Archiving Gmail (Part 2)

In my last post, I addressed one of the issues I had with a script I had found that archives Gmail messages to PDF files and how to fix the issue of it creating needless temporary files that count toward your daily quota.

The remaining issues I had I addressed by moving the entire script from a Google spreadsheet to a Google web app script.  This was the original script UI:

Screen Shot 2013-11-20 at 8.38.27 AM.png

And here is the new UI:

DemoApp.png

As you can see, I it has a few more options than the original.  The gist of it is

  • you select the Gmail Label you want to use as a filter, you optionally select a label you want to ignore (You could create two labels for example 'Archive' and 'Processed').  You can also add your own custom filter to include or exclude additional messages.  
  • Choose if you want to save the attachments (If you are archiving the emails to PDF).
  • Optionally you can have it remove the first Label (e.g. 'Archive') and Optionally add a new label (e.g. 'Processed').  Both of these are helpful when you have a large number of emails to process and may bump against your daily Quotas for creating or forwarding mail.
  • If you want to Archive them, you can archive them to PDF with the attachments saved as separate files, or you can save them to EML files with the attachments embedded in the original email.  You can change the naming convention to a few different formats (This makes it easier to sort them later so you could specify From-Date-Id instead for example)
  • Or you can bulk forward them to some specified recipient(s).

If you want to see the finished product here is the link.  You will need to authorize it to access your mailbox etc since obviously it is processing mail.

 

So where to begin?

First you need to setup your Google Drive to write the scripts.  

  • In Drive, Click Create -> Connect More Apps
Screen Shot 2013-11-20 at 8.56.36 AM.png
  • Search for "script" and connect to Google Apps Script
Screen Shot 2013-11-20 at 8.59.24 AM.png
  • Now create your first script by creating a new script.  The type you want will be Script as Web App which will be available after you choose Script from the below image.
Screen Shot 2013-11-20 at 9.01.05 AM.png
  • You will now have your development environment all set to start scripting!
Screen Shot 2013-11-20 at 9.04.23 AM.png

Well, this is getting rather long, so in the next post I will just dump the code for the app I wrote and walk you through it.  Click Here to see Part 3

Archiving Google Mail To Files

I was recently tasked with extracting 2-300 gmail messages including attachments.  The requirements seemed simple enough:

  • Every message must include original meta data (from/to/cc/bcc/date etc)
  • all attachments must be saved in original format

Obviously one way would have been to sync the messages to outlook, create a folder in outlook, copy and/or move the messages to that folder, then export it to PST.  

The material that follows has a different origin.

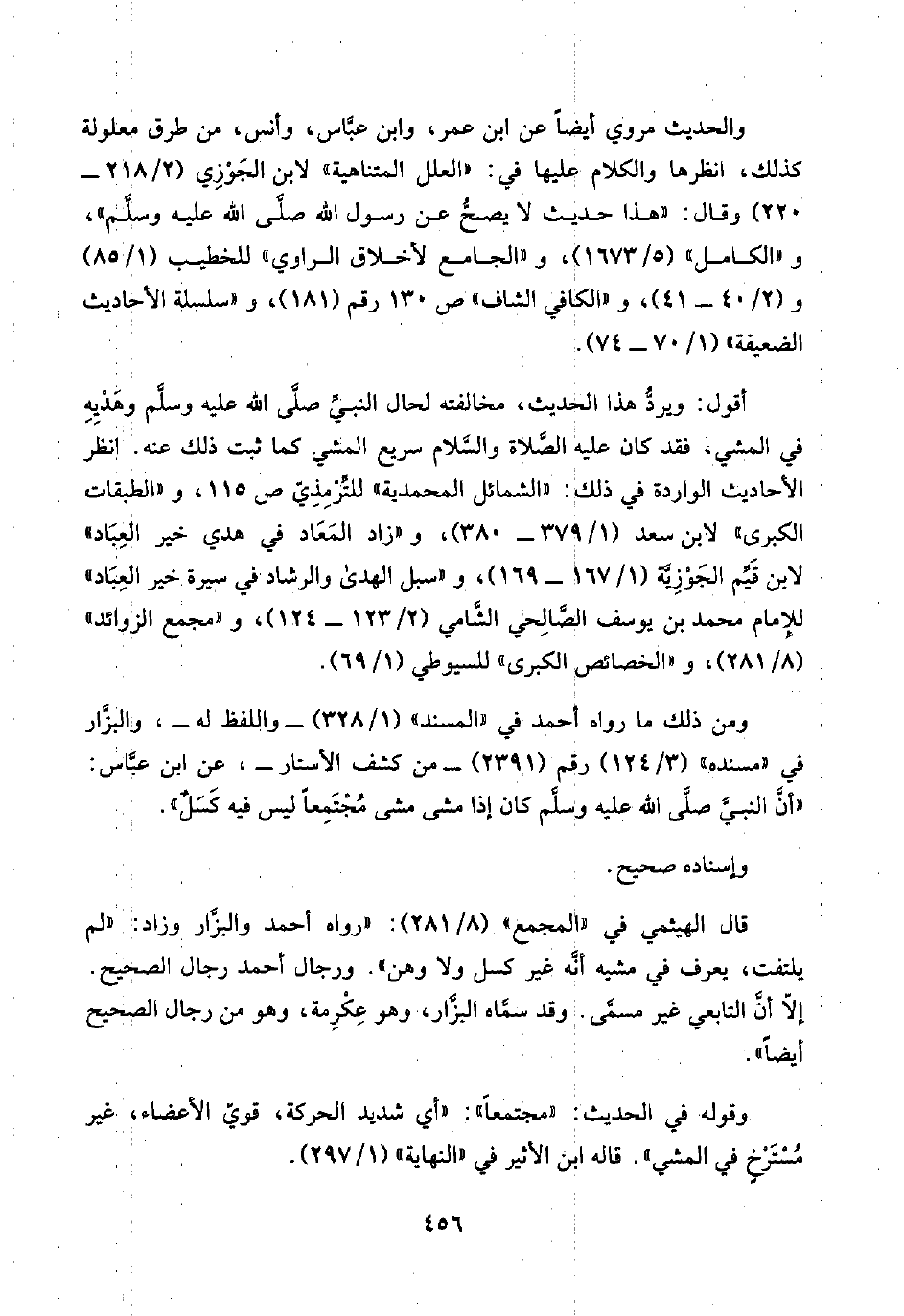 ومن ذلك ما رواه أحمد في "المسند" (١/ ٣٢٨) -واللفظ له-، والبزَّار في "مسنده" (٣/ ١٢٤) رقم (٢٣٩١) -من كشف الأستار-، عن ابن عبَّاس: "أنَّ النبيَّ صلَّى اللَّه عليه وسلَّم كان إذا مشى مشى مُجْتَمِعًا ليس فيه كَسَلٌ".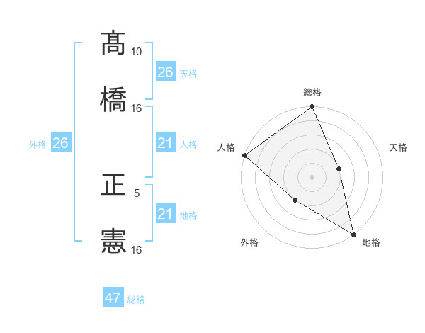 髙橋 正憲さんの総格は47画の5点!

But it seemed like there should be a 'native' gmail way to do it.  So I started poking around and found a lot of Google Apps Scripts had been written that would bulk forward or archive messages.   This one by Marcello Scacchetti caught my eye. 

But as I started using it, I realized there were a few aspects I didn't really like:

  1. It doesn't save the meta data
  2. It creates temp files in Google Drive
  3. Hard coded naming conventions
  4. Hard coded to PDF output.
  5. It hard coded labels
  6. It was built in a spreadsheet.

To keep this post short, I will break this into several posts and only address one issue here.  Since #1 is easy enough for the average bear to fix themselves so I won't bother addressing that.  The first real problem was with #2. Here we see the offending code:

 // Create the message PDF inside the new folder
var htmlBodyFile = newFolder.createFile('body.html', messageBody, "text/html");
var pdfBlob = htmlBodyFile.getAs('application/pdf');
pdfBlob.setName(newFolderName + ".pdf");
newFolder.createFile(pdfBlob);
htmlBodyFile.setTrashed(true);

Before it creates the pdf file, it creates an HTML file.  Why is this a problem? Well in scripts (particularly individual not paid corporate gmail accounts) there are quotas on how many files you can create via script per day - 250 as of the time of this writing.  That means that you could only archive 125 emails with this, and then only if none of them had attachments.  Luckily this is easy enough to fix:

var output = HtmlService.createHtmlOutput(messageBody)
var pdfBlob=output.getAs('application/pdf');
pdfBlob.setName(newFolderName + ".pdf");
newFolder.createFile(pdfBlob);
Here we use the HTMLService to create an object rather than a file. Easy fix and doubles the number of emails we can process per day.

I'll post some solutions to my other issues with the script in the next few days.